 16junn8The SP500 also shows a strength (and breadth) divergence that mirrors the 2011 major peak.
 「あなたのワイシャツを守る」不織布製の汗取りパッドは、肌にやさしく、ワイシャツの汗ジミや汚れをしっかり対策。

• • •

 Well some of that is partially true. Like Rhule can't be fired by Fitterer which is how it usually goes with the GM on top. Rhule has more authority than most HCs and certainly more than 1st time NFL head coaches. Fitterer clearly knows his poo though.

• • •

EXERCISE REQUIREMENTS. What lines in the records contain the word "that"? Return each one.

RESPONSE BELOW.
 16junn8The SP500 also shows a strength (and breadth) divergence that mirrors the 2011 major peak.
 Well some of that is partially true. Like Rhule can't be fired by Fitterer which is how it usually goes with the GM on top. Rhule has more authority than most HCs and certainly more than 1st time NFL head coaches. Fitterer clearly knows his poo though.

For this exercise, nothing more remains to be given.